Dennissen, F. J. A., Anglada-Huguet, M., Sydow, A., Mandelkow, E., & Mandelkow, E.-M. (2016). Adenosine A1 receptor antagonist rolofylline alleviates axonopathy caused by human Tau delta K280. Proceedings of the National Academy of Sciences of the United States of America, 113(41), 11597-11602. doi:doi: 10.1073/pnas.1603119113.

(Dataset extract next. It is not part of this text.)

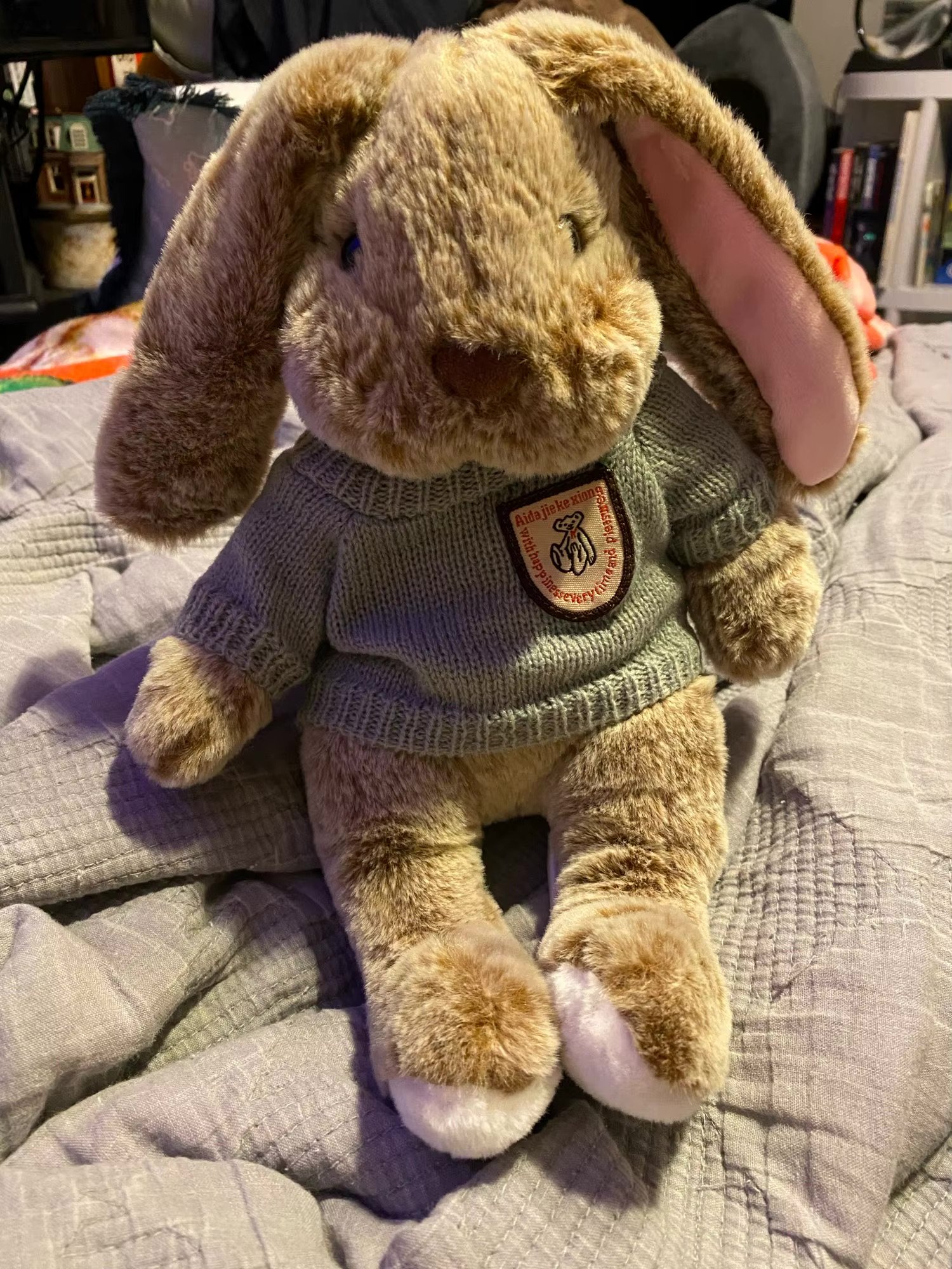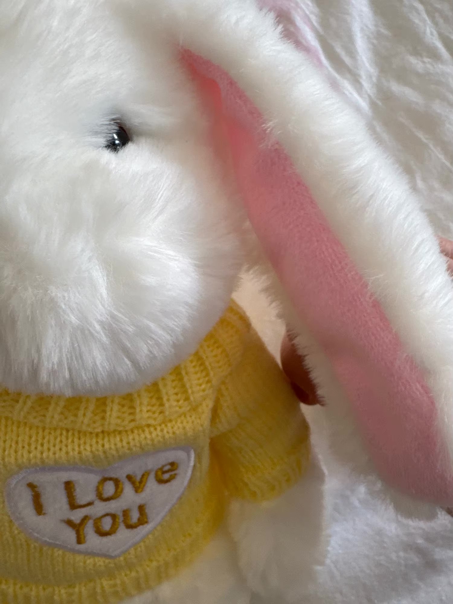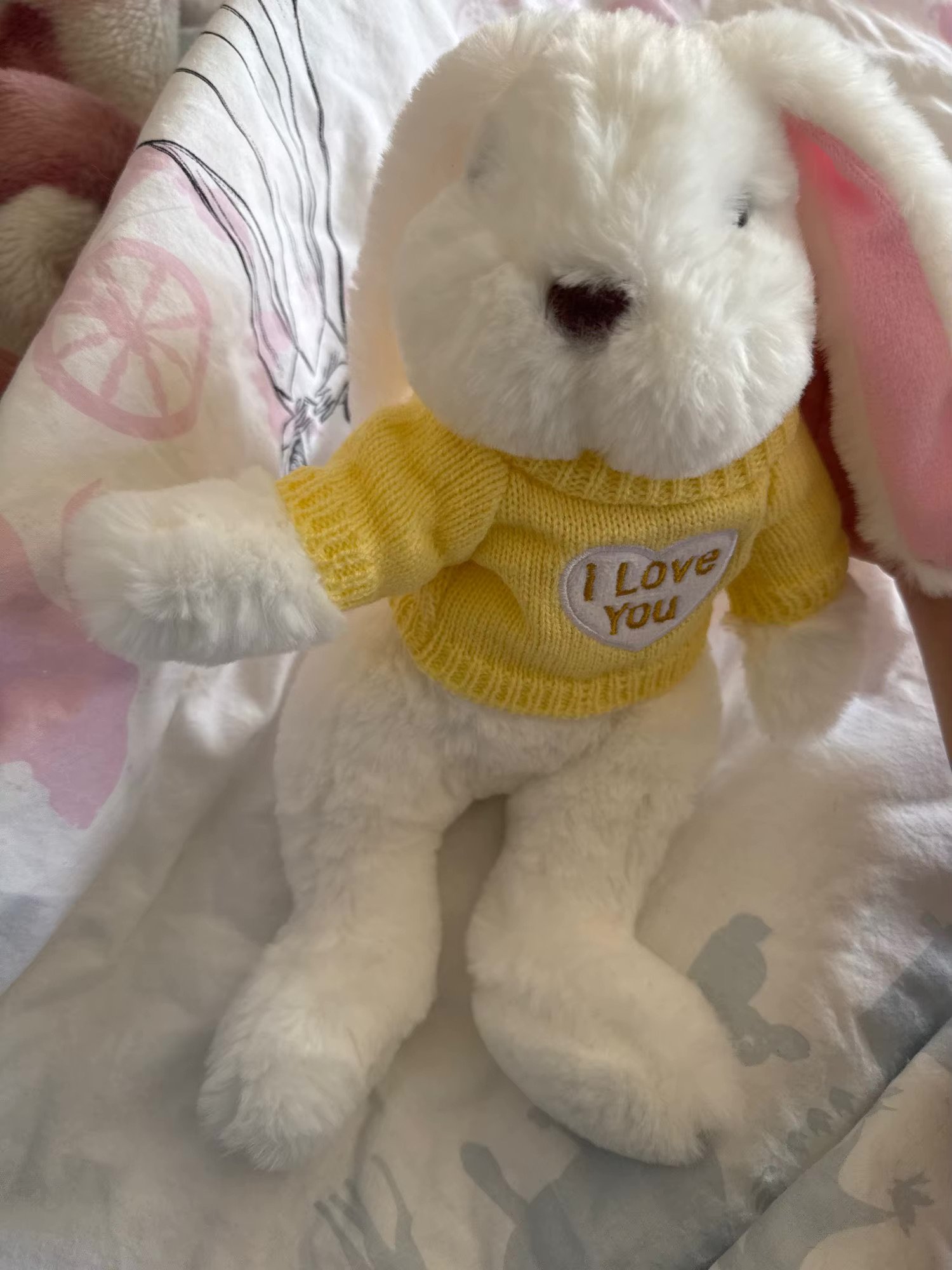 This is one of the cutest stuffed animals i’ve ever seen. It’s so soft and cuddly, i absolutely love it. Look at its little sweater! I just can’t get over how adorable this bunny is.

Cite as: https://hdl.handle.net/11858/00-001M-0000-002B-8D9D-2
Abstract
Accumulation of Tau is a characteristic hallmark of several neurodegenerative diseases but the mode of toxic action of Tau is poorly understood. Here, we show that the Tau protein is toxic due to its aggregation propensity, whereas phosphorylation and/or missorting is not sufficient to cause neuronal dysfunction. Aggregate-prone Tau accumulates, when expressed in vitro at near-endogenous levels, in axons as spindle-shaped grains. These axonal grains contain Tau that is folded in a pathological (MC-1) conformation. Proaggregant Tau induces a reduction of neuronal ATP, concomitant with loss of dendritic spines. Counterintuitively, axonal grains of Tau are not targeted for degradation and do not induce a molecular stress response. Proaggregant Tau causes neuronal and astrocytic hypoactivity and presynaptic dysfunction instead. Here, we show that the adenosine A1 receptor antagonist rolofylline (KW-3902) is alleviating the presynaptic dysfunction and restores neuronal activity as well as dendritic spine levels in vitro. Oral administration of rolofylline for 2-wk to 14-mo-old proaggregant Tau transgenic mice restores the spatial memory deficits and normalizes the basic synaptic transmission. These findings make rolofylline an interesting candidate to combat the hypometabolism and neuronal dysfunction associated with Tau-induced neurodegenerative diseases.